Please look over the code and suggest ways that I could improve its speed. The last run took 238 minutes to complete.

Due to access limitations I have to work within BASH, I do not have the option (nor the knowledge) to utilize perl, python, etc.

Any help is welcome as well as comments on the script as it sits. It has been cobbled together by remembering programming structure learned taking Turbo Pascal in high school (many years ago) and lots of google searches.

echo Search started at:
date +"%m/%d/%Y %T"
# Displays the start up information and the start time

find /var/network_logs/gc/archive/asalog*  -mtime -7 -exec zcat {} \;  |  awk '/Built/&& !/10.10.120.145/{print $10, $11, $15, $18;}' | sed -e 's!/! !g' -e  's!:! !g' | awk '{if ($1 == "inbound") print $1, $2, $3, $4, $6, $7, $8; else if ($1 == "outbound") print $1, $2, $6, $7, $3, $4, $5;}' | awk '!seen[$0]++ {print}' >> /home/kenneth.cramer/asa/GC_ports.txt

# Finds all files with that begin with the name asalog that were written in the last 7 days. It then reads the files line by line looking
# for any lines containing the word Built but not the 10.10.120.145 IP address and prints out the 7th, 8th, 12th and 15th words in the line
# It then looks for any "/" slashes or ":" colons in the four words and replaaces them with spaces.
# The script now prints out the needed words from the line and then writes only unique lines to the output file.

echo
echo
echo
echo Sorting data into proper files.
# Displays that the script is now sorting the information

awk '{if ($1 == "inbound" && $2 == "TCP") print $2, $3, $4, $5, $6, $7 >> "/home/kenneth.cramer/asa/GC_tcpinbound.txt"; else if ($1 == "inbound" && $2 == "UDP") print $2, $3, $4, $5,  $6, $7 >> "/home/kenneth.cramer/asa/GC_udpinbound.txt"; else if ($1 == "outbound" && $2 == "TCP") print $2, $3, $4, $5, $6, $7 >> "/home/kenneth.cramer/asa/GC_tcpoutbound.txt"; else if ($1 == "outbound" && $2 == "UDP") print $2, $3, $4, $5, $6, $7 >> "/home/kenneth.cramer/asa/GC_udpoutbound.txt";}' /home/kenneth.cramer/asa/GC_ports.txt
# The script now reads the file ports2.txt and sorts the data into 4 files based on it finding "Inbound or Outbound" and "TCP or UDP" in the line.


echo
echo
echo
echo Compressing files for transport

tar -czvf /home/kenneth.cramer/asa/GC_ports.tgz /home/kenneth.cramer/asa/GC_*.txt
# Compresses the output files into a single file for transport off the machine.

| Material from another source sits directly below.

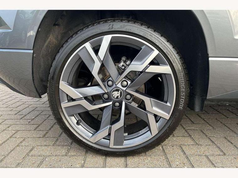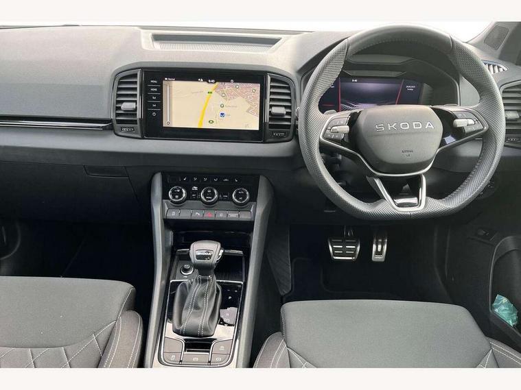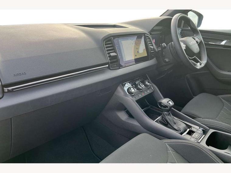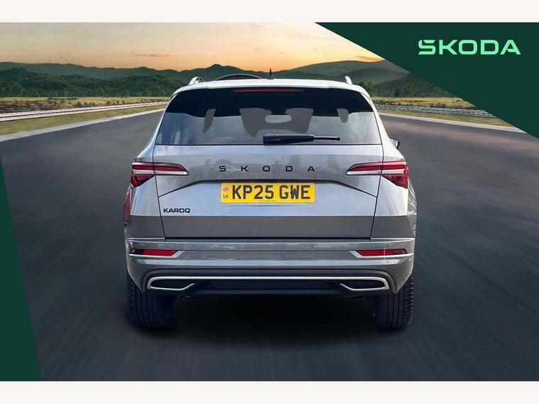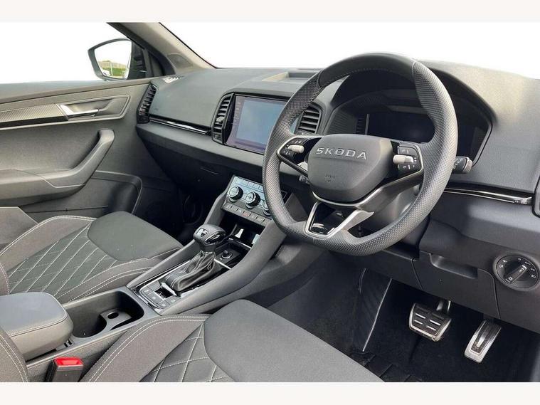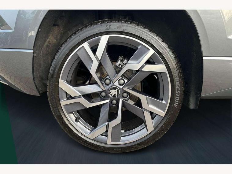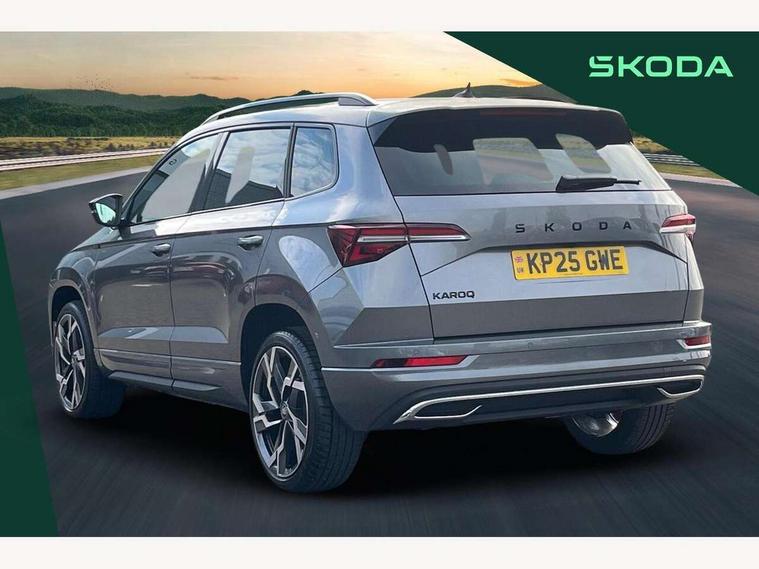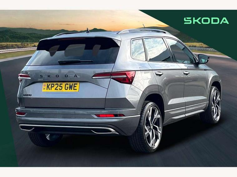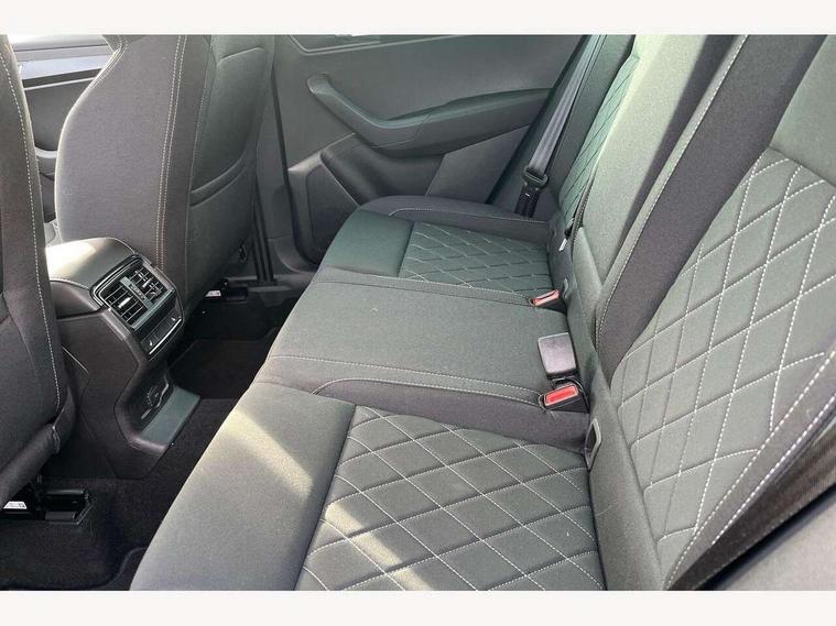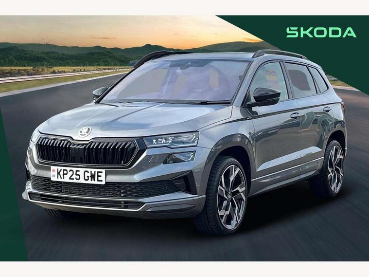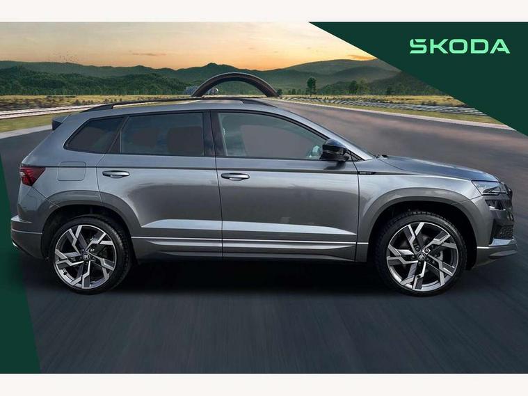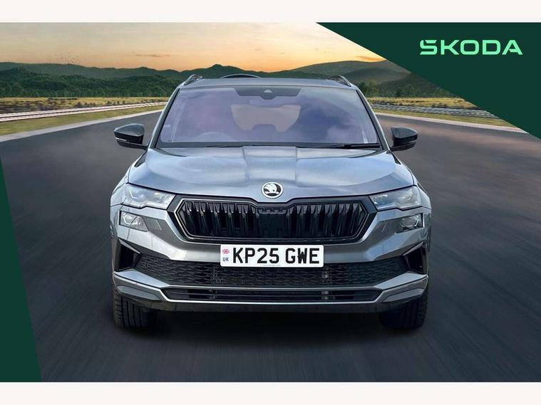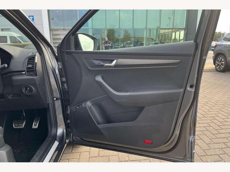 Advanced driver attention and drowsiness monitor, Emergency services call system, Outside temperature gauge, Sensor for driver assistance systems, Service interval indicator, SmartLink wireless for Apple and wired for Android, Start/stop system with regenerative braking, Traffic sign recognition, USB C Port x 2 in front centre console, Virtual Cockpit - 10.25" digital display, Virtual pedal with electrically operated boot door, Wireless smartphone charging, DAB radio with Bluetooth, USB connection, Acoustic glass, Aero front windscreen wipers with intermittent function, Auto dimming rear view mirror with light and rain sensors, Black door mirrors, Black electric window control buttons, Black radiator grille, Black roof rails, Body colour door handles, Electric front and rear windows with child proof lock, Extended rear roof spoiler, Front door steps with SportLine logo, Heated rear windscreen, LED daytime running lights, LED rear lights with high functionality welcome effect and dynamic indicators, Light assistant (coming/leaving home/tunnel light), Panoramic sliding sunroof, Plastic scuff plates in door apertures, Privacy glass, Protective door side sills in body colour, Rear diffuser, Rear side wing doors, Rear window wiper with washer system and intermittent control, Safety reflectors on front doors, Skoda lettering on tailgate in black, Sportline badge on front fender, Sports front and rear bumpers, Third brake light, Unique dark chrome design logo on alloy wheels, 1.5 litre bottle holders in driver and front passenger door panels, 12V socket in boot, 12v socket in front centre armrest with storage compartment and rear air vents, 2 x Tablet holder, 3 rear height adjustable headrests, 3 seat bench in 2nd row, 3 spoke sports leather heated multifunction steering wheel with DSG paddles, 4 foldable roof handles with rear coat hooks, Black floor carpet, Cargo elements in boot, Chrome inner door handles, Foldable hooks in the boot, Front head restraints, Height adjustable front three point seats belts with tensioners, Height/reach adjust steering wheel, Ice scraper, Illuminated glovebox, Illuminated luggage compartment, Isofix child seat preparation for front passenger seat, Isofix child seat preparation outer rear, Manual lumbar support for front seats, Pen holder, Pollen filter, Rear backrest release from boot, Rear boot cover, Rear package tray, Rear reading lights, Rear seats fixed folding and divided 60:40, Rubbish bin door, Safety vest holder, Single front passenger seat, Skoda lettering on steering wheel, Sportline decorative inserts, Storage box in upper central dashboard closed, Sunvisors with illuminated vanity mirrors, Textile floor mats, Ticket holder, Titan black interior ceiling, Umbrella under passenger seat, Under passenger seat storage compartment, Columbus pack - Karoq, LED Interior lighting pack with Skoda welcome logo - Karoq, Light Pack - Karoq, Non Smokers pack, Performance pack - Karoq, Winter plus pack with heated front and rear seats - Karoq, Automatic door unlocking in case of crash, Automatic fuel cut off in case of crash, Driver airbag, Electronic parking brake with auto hold function, Emergency rear braking signal, ESC (incl. ABS+MSR+ASR+EDS+HBA+DSR+RBS+MKB), Front side airbags, Head airbags, Hill hold control, Knee airbags, Passenger airbag with switch-off function, Pedestrian monitor, Seatbelt reminder signalisation and pretensioner for all seats, Three point seatbelts rear, Two tone horn, Tyre pressure monitor, Alarm with interior monitoring, back up horn and tilt sensor with safe function, Electronic engine immobiliser, Keyless entry and start/stop, Remote central locking with 2 remote folding keys, Black air vent surround, Black centre console, carbon door decor, Satin black dashboard, Satin black door trim, 19" Sagittarius anthracite alloy wheels, Anti-theft wheel bolts protection, Breakdown and tool kit,

echo Process completed for Gold Camp at:
date +"%m/%d/%Y %T"
echo
echo
times

Don_Cragun · April 12, 2016, 10:08pm

You have the comment:

# The script now reads the file ports2.txt and sorts the data into 4 files based on it finding "Inbound or Outbound" and "TCP or UDP" in the line.

but there is no ports2.txt anywhere in your script. Do you care about having the file GC_ports.txt , or do you really just need the four GC_(tcp|udp)(in|out)bound.txt files that are created from this file?

Assuming you have more than one compressed file that is less than a week old, using -exec zcat {} + will be faster than -exec zcat {} \; and you could replace all four awk scripts and the sed script with a single awk script (which would considerably reduce the time spent reading and writing data that should only need to be read once and written at most twice; instead of reading the data five times and writing it six or seven times).

But, I would guess (hard to make any sound judgements here with no samples of the data being processed) that the bulk of the time being spent in this script is in compressing and recompressing relatively large files for your archives. And if you just need the files that you are splitting out of GC_ports.txt , the time spent creating, compressing, and archiving that unneeded file could be significant.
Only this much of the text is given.